Historical Marker · No. 2370

The Club

Park City, Summit County · Utah
Erected by NA, 1984

Of all the saloons that ran in Park City's silver days, only this one still looks the part inside. Built of wood after the 1898 fire as the Silver King Restaurant, it has poured drinks or served meals ever since. The mounted animal heads that watch over the bar have hung there since proprietor Heinie Hernan put them up in the 1930s. During Prohibition the place quietly sold moonshine, and when Franklin Roosevelt made beer legal again in 1933, it threw a party people long remembered. The Club is the last of Park City's old bars with its guts intact.

What the plaque says

Built of wood after the great fire of 1898, this building has always functioned as a restaurant or saloon, and was originally called the Silver King Restaurant.
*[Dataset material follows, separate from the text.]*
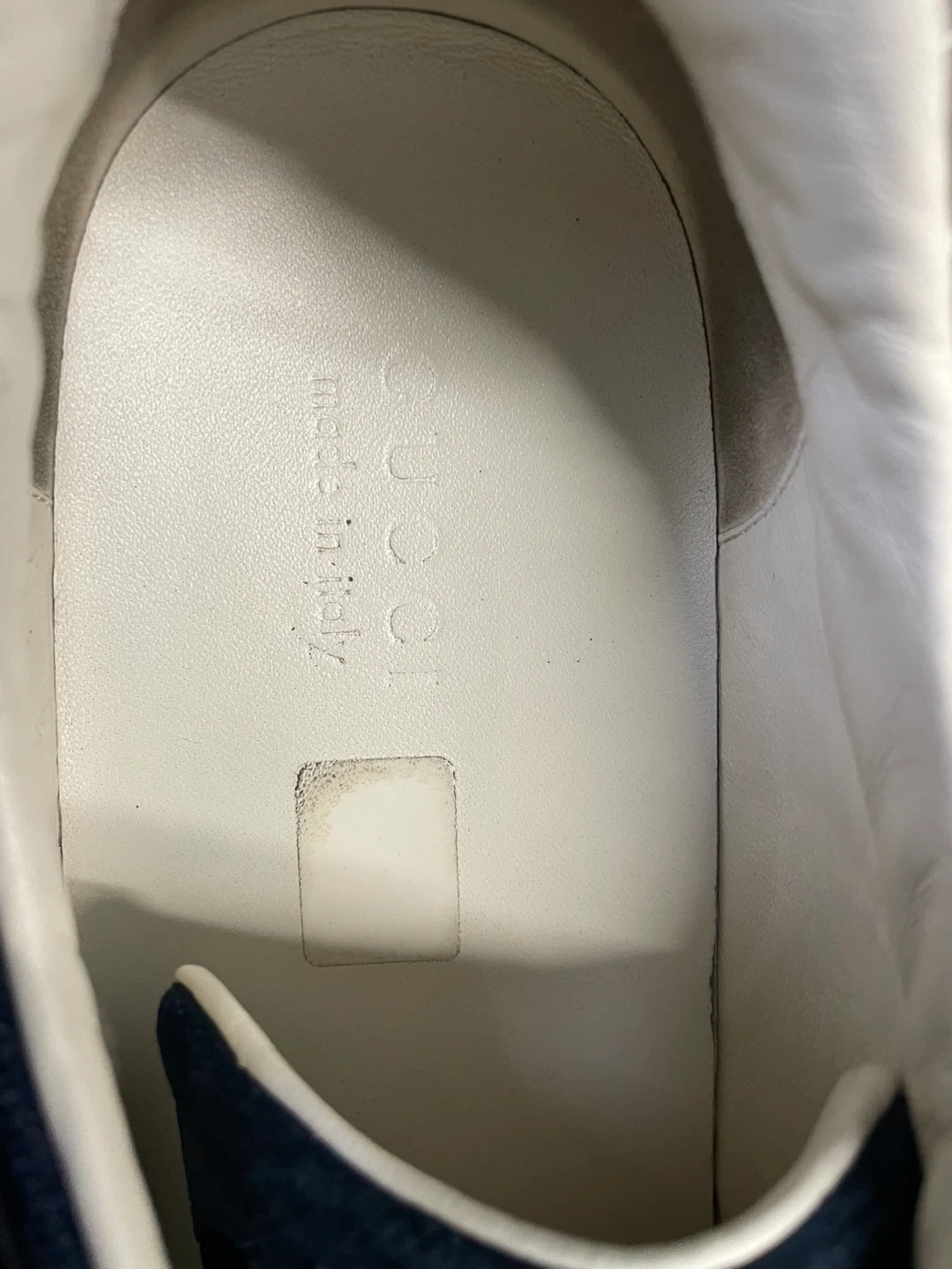 Selling a pair of Gucci sneakers in blue. They are in good condition and feature the iconic Gucci logo on the side and back

Construction took place in two phases: the southern half built first, and a mirror image of it added to the north several years later. In 1907 the building shared the same wood porch with the two buildings to the north. The interior walls are hung with a collection of animal trophies which have been looking down on The Club's patrons since longtime proprietor Heinie Hernan installed them in the 1930's. Moonshine was sold here during Prohibition, and a memorable party occured when President Roosevelt legalized alcoholic beverages in 1932. This is the only saloon from Park City's mining heyday whose interior remains substantially unchanged. Although fairly typical of other commercial facades built along Main Street in its day, The Club is distinguished by its ornate wood cornice and bracketed wood lintels above the two double hung windows. Its recessed entry and two story height are consistent with most commercial structures built in Park City at the turn of the century.